Apalagi, pembahasan dan pengesahan UU KPK dikerjakan secara kilat bahkan naskah akademik maupun naskah RUU belum dapat diakses masyarakat hingga beleid disepakati. "Publik tidak mengetahui naskah RUU mana yang sebenarnya disahkan," ucapnya dalam keterangan tertulis, Rabu (5/5).
Menurut Fathul, penggunaan data seminar yang diselenggarakan di Universitas Andalas (Unand) pada 8-10 Februari 2017. di Universitas Gadjah Mada (UGM) pada 21-23 Maret 2017; di Universitas Sumatera Utara (USU) pada 16-17 Maret 2017; dan Universitas Nasional (Unas) pada 28 Februari 2017 sebagai dalih penyerapan aspirasi publik merupakan menyesatkan. Ironisnya, MK juga memakai pelaksanaan beberapa rapat dengar pendapat (RDP) pada 2016-2017 sebagai basis argumentasi adanya partisipasi publik.
Di sisi lain, tambah dia, putusan MK ini justru tak memberikan penjelasan bagaimana suara publik yang muncul dalam berbagai seminar tersebut. "Penggunaan seminar sebagai alasan telah memenuhi asas partisipasi merupakan klaim yang reduktif dan membahayakan," tegasnya.

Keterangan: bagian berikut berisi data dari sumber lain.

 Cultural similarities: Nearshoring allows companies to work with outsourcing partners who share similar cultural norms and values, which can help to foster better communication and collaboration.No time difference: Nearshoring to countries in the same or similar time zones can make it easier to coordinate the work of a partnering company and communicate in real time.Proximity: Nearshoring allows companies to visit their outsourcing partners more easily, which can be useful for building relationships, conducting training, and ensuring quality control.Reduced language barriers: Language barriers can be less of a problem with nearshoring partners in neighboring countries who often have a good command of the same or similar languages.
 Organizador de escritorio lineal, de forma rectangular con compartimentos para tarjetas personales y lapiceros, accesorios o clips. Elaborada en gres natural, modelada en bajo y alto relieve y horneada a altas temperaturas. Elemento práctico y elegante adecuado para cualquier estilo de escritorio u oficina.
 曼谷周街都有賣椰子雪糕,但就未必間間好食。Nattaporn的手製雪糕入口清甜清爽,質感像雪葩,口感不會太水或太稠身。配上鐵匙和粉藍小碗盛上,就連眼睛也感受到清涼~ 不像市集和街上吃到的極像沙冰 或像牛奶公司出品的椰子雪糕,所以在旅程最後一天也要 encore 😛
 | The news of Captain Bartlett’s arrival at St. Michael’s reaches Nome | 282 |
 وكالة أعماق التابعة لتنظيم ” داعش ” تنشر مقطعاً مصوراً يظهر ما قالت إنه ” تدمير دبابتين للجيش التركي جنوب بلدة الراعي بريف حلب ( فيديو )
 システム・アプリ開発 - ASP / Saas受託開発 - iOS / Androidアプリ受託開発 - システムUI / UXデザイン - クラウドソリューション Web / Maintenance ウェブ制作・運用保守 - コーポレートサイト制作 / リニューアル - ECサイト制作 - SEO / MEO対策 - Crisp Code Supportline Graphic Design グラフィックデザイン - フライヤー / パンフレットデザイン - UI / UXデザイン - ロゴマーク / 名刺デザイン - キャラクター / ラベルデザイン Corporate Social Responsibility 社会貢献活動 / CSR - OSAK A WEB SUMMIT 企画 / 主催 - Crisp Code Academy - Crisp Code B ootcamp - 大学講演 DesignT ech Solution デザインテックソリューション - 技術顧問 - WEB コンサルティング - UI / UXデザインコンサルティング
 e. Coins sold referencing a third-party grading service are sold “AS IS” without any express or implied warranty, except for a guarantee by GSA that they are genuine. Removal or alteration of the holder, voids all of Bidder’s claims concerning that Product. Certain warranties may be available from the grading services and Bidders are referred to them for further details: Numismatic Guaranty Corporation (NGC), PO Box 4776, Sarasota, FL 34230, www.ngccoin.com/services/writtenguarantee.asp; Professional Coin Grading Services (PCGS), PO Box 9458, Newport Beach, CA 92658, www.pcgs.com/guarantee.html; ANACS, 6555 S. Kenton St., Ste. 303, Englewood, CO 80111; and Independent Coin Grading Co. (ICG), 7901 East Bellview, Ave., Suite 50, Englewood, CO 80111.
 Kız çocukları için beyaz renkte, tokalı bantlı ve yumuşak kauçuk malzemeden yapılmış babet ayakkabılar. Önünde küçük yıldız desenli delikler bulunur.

Dirinya pun heran dengan putusan MK yang menganggap proses penyusun UU KPK tidak melanggar regulasi. Padahal, tahap pembahasan dan pengesahannya kilat sekaligus sulit dipertanggungjawabkan secara akademis sehingga berpotensi melanggar asas kedayagunaan dan kehasilgunaan.
Meski mengakui ada aksi besar-besaran menolak UU KPK, MK malah menganggap enteng sebagai bagian dari kebebasan menyatakan pendapat di muka umum. Pun dibandingkannya dengan demonstrasi para pendukung.
Fathul menyebut, pertimbangan MK sangat melukai perasan publik sebab sejumlah orang dari ribuan pedemo yang turun ke jalan mendapatkan kekerasan dari aparat. "Ini hanya direduksi sebagai ekspresi tanpa memberi makna dan nilai pada substansi yang disuarakan."
"Pertimbangan ini nyata-nyata merupakan reduksi atas aspirasi substantif publik. Model reduksi atas gerakan mansyarakat seperti ini sangat membahayakan demokrasi yang baru saja mulai tumbuh di Indonesia," tandasnya.